Sundberg also participated in wrestling and track and field at North Canyon.

==College career==
Sundberg attended the University of California, Berkeley, where he played in 52 consecutive games and served as the long snapper for his entire four-year college career wit the Golden Bears. He won the starting job in preseason as a true freshman and served as the long snapper on field goals and punts in all 13 games all four years at Cal.

Sundberg graduated with a degree in legal studies in three-and-a-half years.

==Professional career==

Pre-draft measurables
| Height | Weight |
| 6 ft 0+1⁄4 in (1.84 m) | 246 lb (112 kg) |
Values from Pro Day

===Carolina Panthers===
Sundberg was signed as an undrafted free agent by the Carolina Panthers on April 28, 2009. He was waived by the Panthers on August 7, 2009.

===Baltimore Ravens===
Sundberg was signed to the practice squad of the Baltimore Ravens on December 23, 2009.

===Washington Redskins / Football Team===

On January 29, 2010, Sundberg signed a future deal with the Washington Redskins. By the start
of the 2010 season, he replaced Pro Bowl long snapper Ethan Albright, who was not resigned after the 2009 season. Washington signed veteran free agent, James Dearth, after Week 1 of the pre-season who Sundberg subsequently beat out for the team's long snapper position.

In the 2012 season opener win against the New Orleans Saints, Sundberg broke his left arm late in the first half of the game and continued to play throughout the second half. On September 11, 2012, he was placed on the injured reserve list, but was designated to return and the Redskins signed Justin Snow to replace him. On November 6, the Redskins activated Sundberg from injured reserve list.

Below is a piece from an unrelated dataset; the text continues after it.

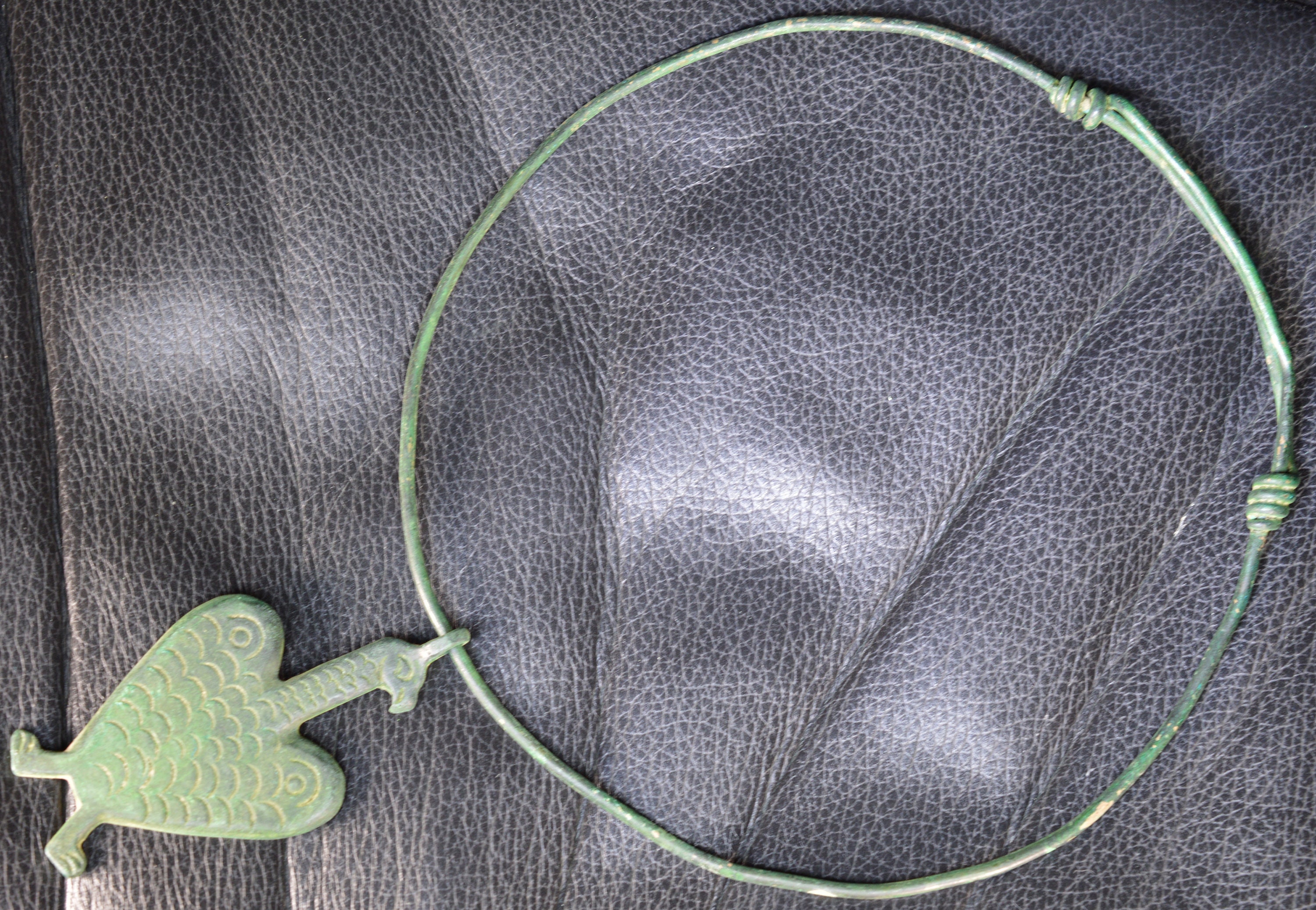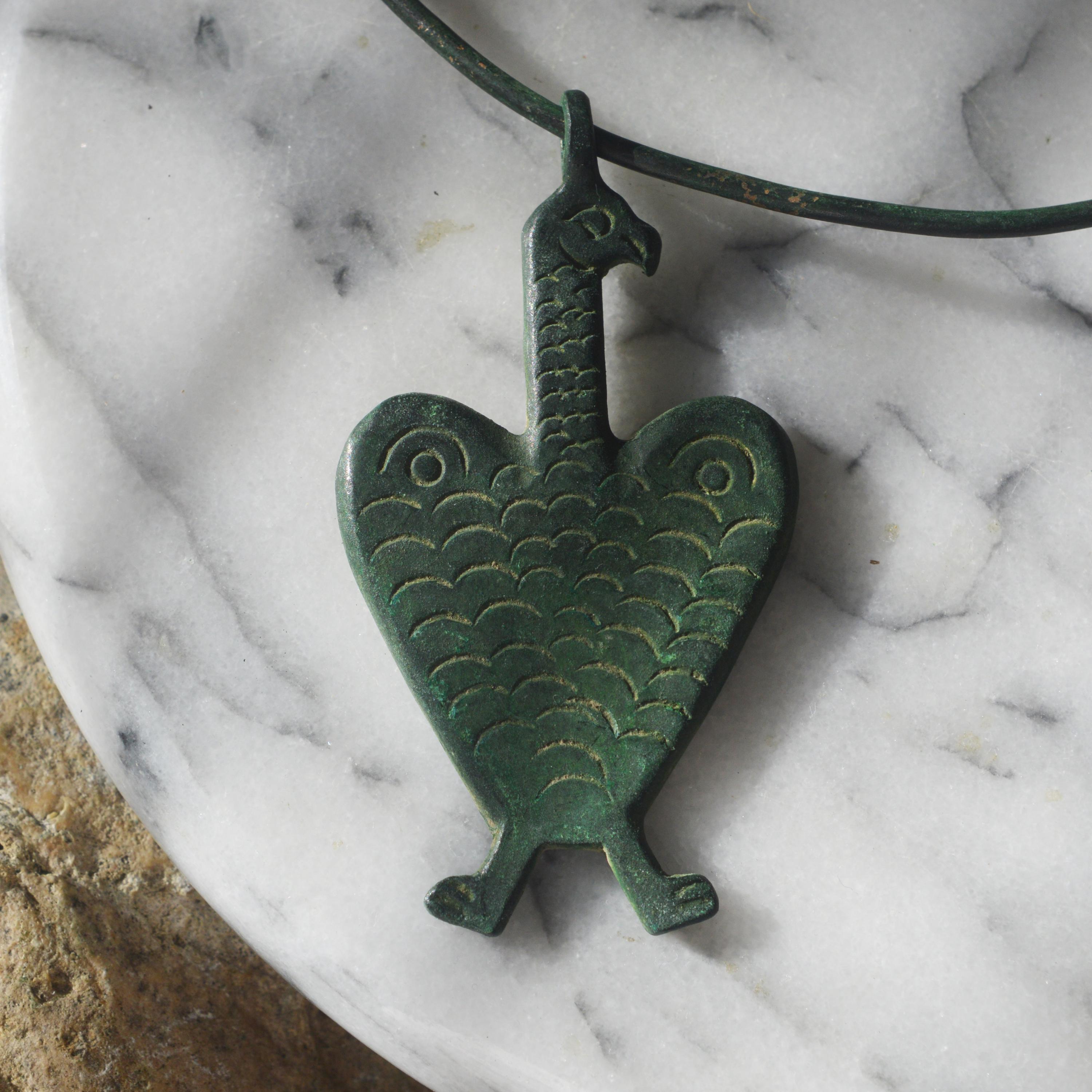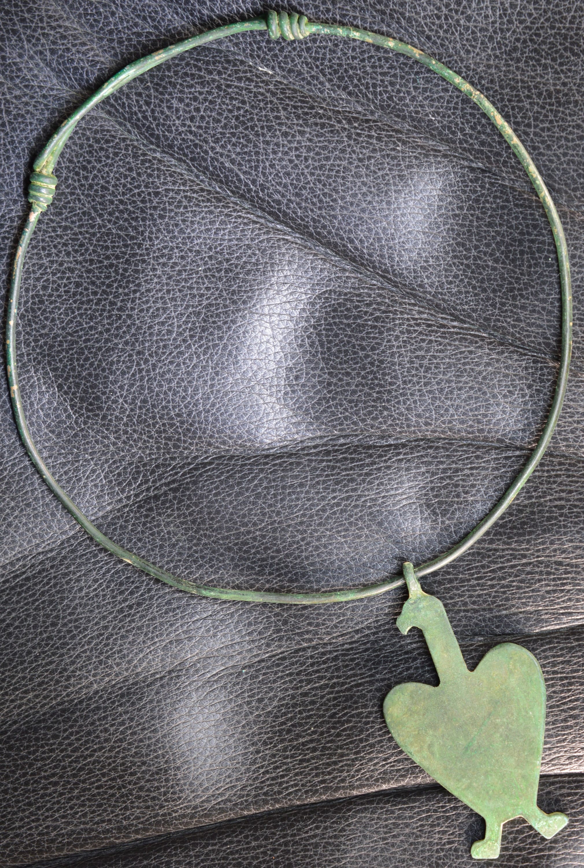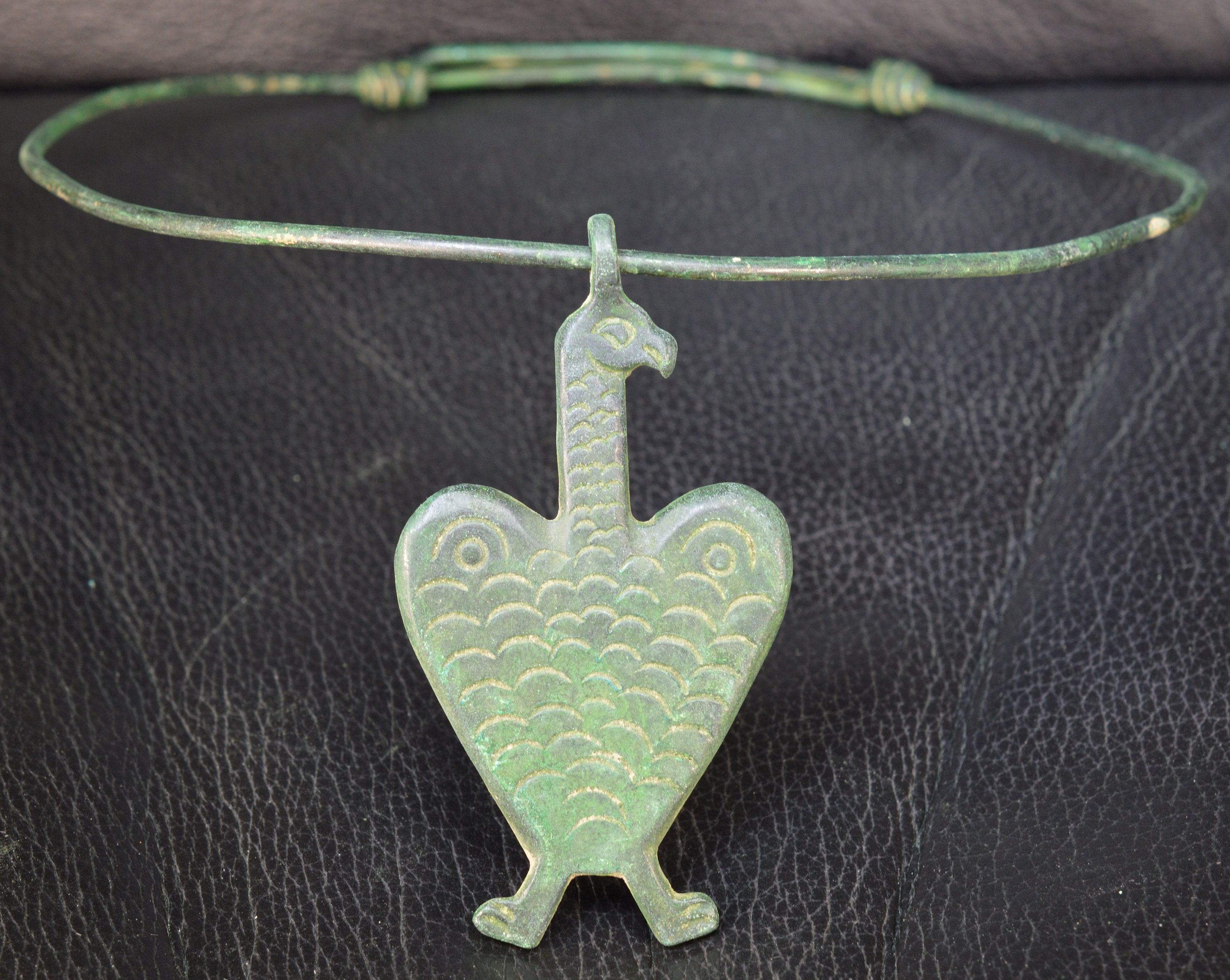 Roman Bronze Neck Torc with Eagle Amulet Pendant

Originally set to become a restricted free agent for the 2013 season, Sundberg agreed to a four-year contract to stay with the Redskins on March 10, 2013. In the Week 6 game against the Dallas Cowboys in 2013, he tore the meniscus in his right knee and was placed on injured reserve the next day.

On January 23, 2017, Sundberg signed a four-year contract extension with the Redskins.

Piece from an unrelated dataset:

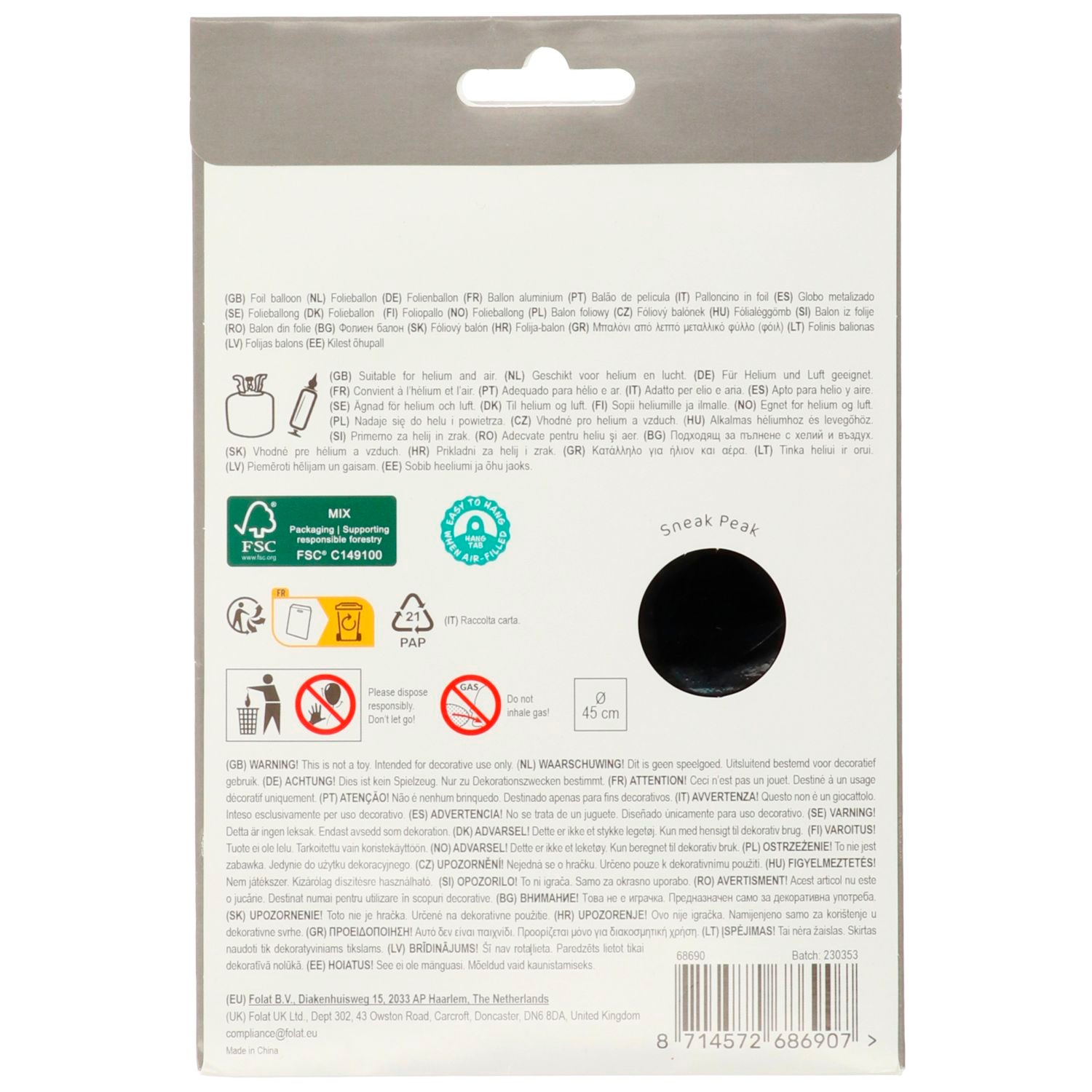 Congratulate in style! Foil Balloon – “Happy Birthday” – Crème Noir – 45 cm. Contains: 1 foil balloon. You can use this article for the following party occasion(s): Birthday. This beautiful stylish foil balloon is black and printed on both sides with the text “happy BIRTHDAY”. Suitable for birthdays all year round. The diameter is 45 cm. Suitable for helium and light. Easy to hang thanks to the ‘hanging tab’. This foil balloon is part of the Crème Noir collection from Folat. This item is made of foil.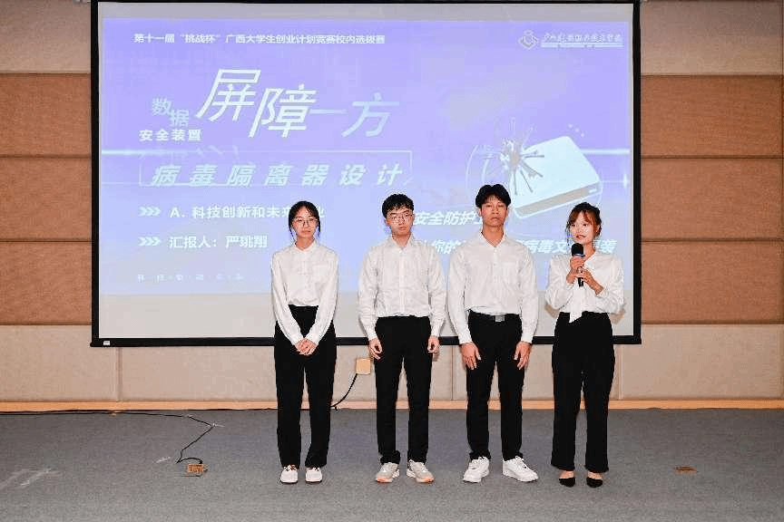 广西建院4月28日讯(文/团委 黎丹 图/青年新媒体中心 李彤)4月27日,sports在四教一楼报告厅举行第十一届“挑战杯”广西大学生创业计划竞赛校内选拔赛决赛。经过各二级学院初赛推荐、校级复赛评审,共有35个项目脱颖而出,进入决赛路演环节。

On December 15, 2018, Sundberg was placed on injured reserve with a back injury.

In 2019, after recovering from a back surgery Sundberg played in all 16 games and helped punter Tress Way reach the Pro Bowl.

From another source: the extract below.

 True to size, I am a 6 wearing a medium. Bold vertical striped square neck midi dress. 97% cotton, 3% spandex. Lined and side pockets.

In the 2021 offseason, Sundberg announced that head coach Ron Rivera informed him that Washington would not sign him to a contract extension.

==Personal life==
Sundberg resides in his hometown of Phoenix, Arizona during the offseason. Sundberg, with the Redskins Charitable Foundation, helped fund and start the Loads of Love program in the DC, Maryland, and Virginia area. The program aims to boost school attendance by installing washers and dryers in schools and homeless shelters that focus on families with young children. Sundberg was the Redskins nominee for the Walter Payton Man of the Year Award in 2017. As of 2019, the Loads of Love program has awarded over $750,000 for 91 local schools and non profits. Sundberg was nominated for the Walter Payton Man of the Year award for a second time in 2019.